In this video I'll be showing the full process to create a logistic regression model developed in Python inside SAP Data Intelligence using a training set of employee attrition. This model will then be exposed thru an REST-API using SAP Data Intelligence. To create this demo I've used this great blog from Andreas Forster, a great part of this blog is directly copied from his work, with his permission. If at any point you find yourself lost in my demo, please refer back to Andreas' blog and follow his steps through. He goes much more in detail with what to do and explains every component in a much more detailed manner.
Please note that the data used here is fake and contains no real information.
Our dataset is a small CSV file, which contains 2800 fake employee information with 64 columns of various information and also with a column indicating, job title, several competencies, salary, etc...
ID | Country | DOB | AgeJoined | Age | YearsOfService | ... |
1 | France | 03/04/1992 | 27 | 27 | 0 | |
2 | France | 13/09/1984 | 33 | 35 | 2 | |
3 | France | 21/02/1981 | 38 | 38 | 0 | |
4 | France | 15/09/1967 | 27 | 52 | 25 | |
5 | France | 11/02/1994 | 21 | 25 | 4 |
The business question we are trying to answer here is the risk of attrition of an employee. In our dataset, we have a column LEFT saying if the employee has left the company of not. We will use this column for training/testing purpose and then try to run it for our existing or new employees to identify those who might leave us.
In this demo I'm loading this dataset in min.io to simulate an Amazon S3 bucket. I have also loaded this dataset in my own SAP HANA database to develop my python code in the SAP Data Intelligence provided Jupyter Lab Notebook.
First we need to define all the connections that we will be using:
We need to configure our S3 bucket connection and have it point to our bucket. You can verify the connection by clicking on Test Connection.
After we have loaded our file, we can start working on the actual Data Science part of our task. Go back to the main page of SAP Data Intelligence and click into the “ML Scenario Manager”.
I will not go into the details of the machine learning python script here but basically this is where I created the notebook to perform my analysis. We will also create two pipelines here, one to perform the training of our model and the second one to deploy our REST-API using this same model.
First we will create a Training Pipeline by clicking the "+" sign in the Notebooks section.
For this I will use the Python Producer template
We then need to configure the read file component of our pipeline and have it point to our previously defined S3 bucket.
Then we simply need to enter the path to our csv file in the bucket.
We then need to enter our python code in the Python3 component.

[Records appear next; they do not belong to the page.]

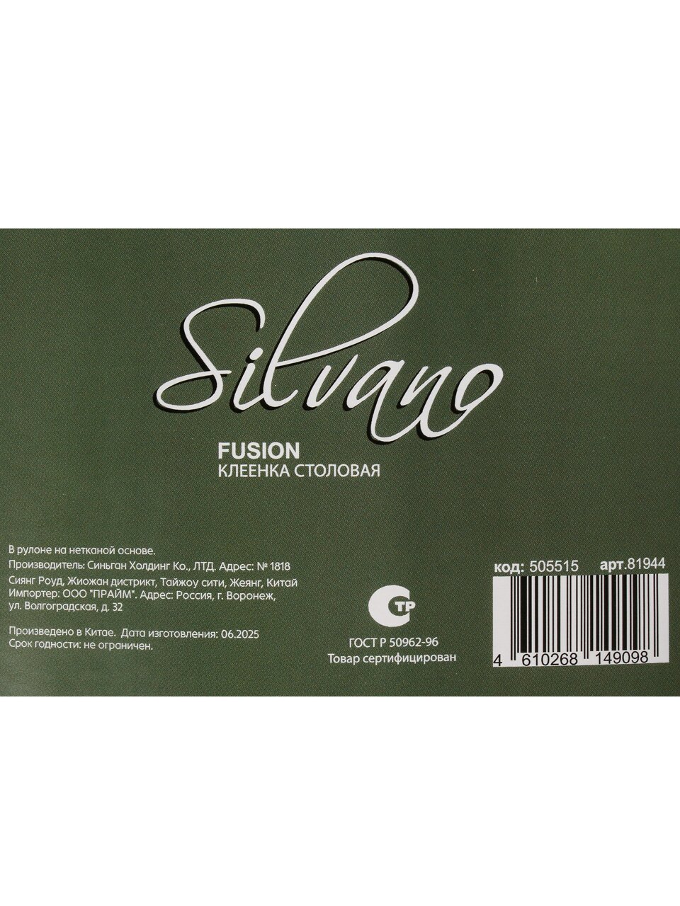 Многие спрашивают, чем отличается клеёнка на нетканой основе от обычной: такой материал плотнее, не скользит и дольше служит даже при ежедневном использовании. Клеенка Silvano Fusion не имеет водоотталкивающей пропитки, но ПВХ-слой защищает поверхность от влаги и загрязнений — достаточно протереть влажной салфеткой для поддержания чистоты.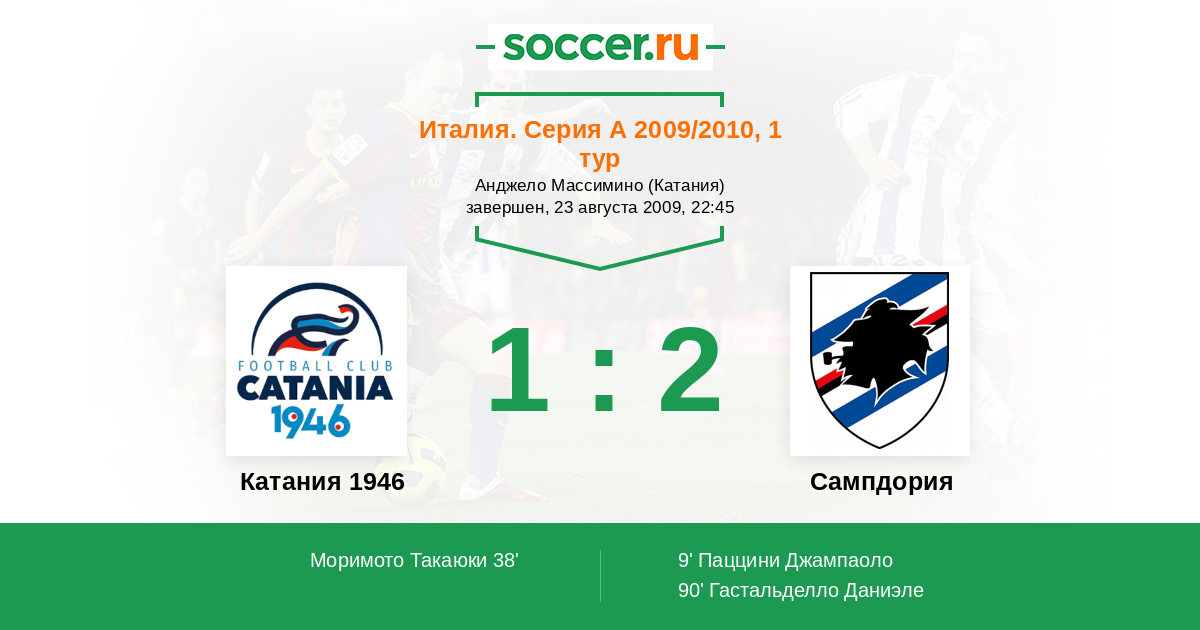 9' (0:1) Паццини Джампаоло (10) (Кассано Антонио (99))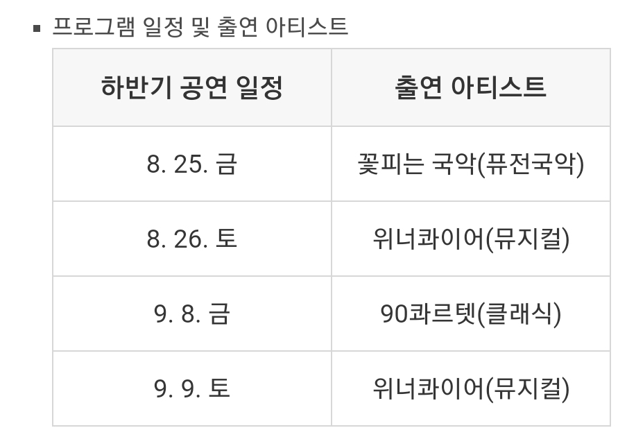 - 본 프로그램은 무대 주변에 자유롭게 서서 관람하는 ‘버스킹’ 형태의 공연으로, 사전접수 없이 누구나 자유롭게 관람할 수 있습니다.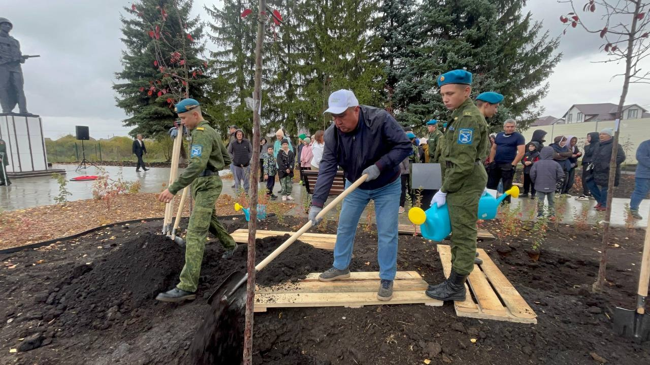 В Калининском районе новые деревья и кустарники высадили на ул. Галечной в сквере памяти воинам, погибшим в Великой Отечественной войне.

Here is the code that was used in my component:
import sklearn
from sklearn.model_selection import train_test_split
from sklearn import preprocessing
from sklearn.linear_model import LogisticRegression
import pandas as pd
from sklearn import metrics
import io
import numpy as np
# Example Python script to perform training on input data & generate Metrics & Model Blob
def on_input(data):
# Obtain data
df_data = pd.read_csv(io.StringIO(data), sep=";")
# Creating labelEncoder
le = preprocessing.LabelEncoder()
# Categorical features to numerical features
df_data['Gender']=le.fit_transform(df_data['Gender'])

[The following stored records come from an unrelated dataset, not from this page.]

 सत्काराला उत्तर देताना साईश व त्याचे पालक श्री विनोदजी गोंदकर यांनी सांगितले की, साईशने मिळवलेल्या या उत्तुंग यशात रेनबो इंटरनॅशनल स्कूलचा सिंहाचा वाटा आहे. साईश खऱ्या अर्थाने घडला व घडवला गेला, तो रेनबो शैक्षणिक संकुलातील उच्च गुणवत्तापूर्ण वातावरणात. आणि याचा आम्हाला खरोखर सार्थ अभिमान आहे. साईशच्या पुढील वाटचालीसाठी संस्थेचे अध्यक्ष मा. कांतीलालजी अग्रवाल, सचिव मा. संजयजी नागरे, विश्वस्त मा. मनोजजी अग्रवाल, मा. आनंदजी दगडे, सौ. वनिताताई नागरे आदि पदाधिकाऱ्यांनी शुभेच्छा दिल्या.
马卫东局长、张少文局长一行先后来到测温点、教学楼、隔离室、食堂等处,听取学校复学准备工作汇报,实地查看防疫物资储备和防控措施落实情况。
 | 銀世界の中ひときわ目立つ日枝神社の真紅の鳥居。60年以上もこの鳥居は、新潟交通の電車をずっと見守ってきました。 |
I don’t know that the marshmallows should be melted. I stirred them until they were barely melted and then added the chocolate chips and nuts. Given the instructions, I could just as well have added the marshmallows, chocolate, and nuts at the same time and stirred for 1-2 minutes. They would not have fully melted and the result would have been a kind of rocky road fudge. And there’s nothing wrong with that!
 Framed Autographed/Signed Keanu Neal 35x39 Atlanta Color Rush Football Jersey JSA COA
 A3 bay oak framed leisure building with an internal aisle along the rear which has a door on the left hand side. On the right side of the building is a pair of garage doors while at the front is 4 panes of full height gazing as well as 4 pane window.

df_data['JobType']=le.fit_transform(df_data['JobType'])
df_data['BirthCountry']=le.fit_transform(df_data['BirthCountry'])
# Balancing the dataset
Left = df_data[df_data["LEFT"]==1].sample(200)
Stayed = df_data[df_data["LEFT"]==0].sample(200)
balanced_df = pd.concat([Left, Stayed],ignore_index=False, sort=False)
# Normalization
column_names_to_normalize = ['Age_Years', 'Salary','VerbalCommunication','Teamwork',
'CommercialAwareness','AnalysingInvestigating','InitiativeSelfMotivation','Drive','WrittenCommunication',
'Flexibility','TimeManagement','PlanningOrganising','DaysSickYTD','ContractedHoursperWeek','PerformanceGrade2015',
'DaysWithoutRaise','Gender','JobType']
X = balanced_df[['Age_Years', 'Salary','VerbalCommunication','Teamwork',
'CommercialAwareness','AnalysingInvestigating','InitiativeSelfMotivation','Drive','WrittenCommunication',
'Flexibility','TimeManagement','PlanningOrganising','DaysSickYTD','ContractedHoursperWeek','PerformanceGrade2015',
'DaysWithoutRaise','Gender','JobType']]
# We will be using a min max scaler for normalization
min_max_scaler = preprocessing.MinMaxScaler()
df = X
x = df[column_names_to_normalize].values
x_scaled = min_max_scaler.fit_transform(x)
df_temp = pd.DataFrame(x_scaled, columns=column_names_to_normalize, index = df.index)
df[column_names_to_normalize] = df_temp
X = df_temp
# Converting string labels into numbers.
y=le.fit_transform(balanced_df['LEFT'])
# Slicing dataset between train and test
X_train, X_test, y_train, y_test = train_test_split(X, y, test_size=0.2, random_state=0)
# Training the Model
clf= LogisticRegression(verbose = 3)
clf_trained = clf.fit(X_train, y_train)
y_pred = clf_trained.predict(X_test)
MeanAbsoluteError=metrics.mean_absolute_error(y_test, y_pred)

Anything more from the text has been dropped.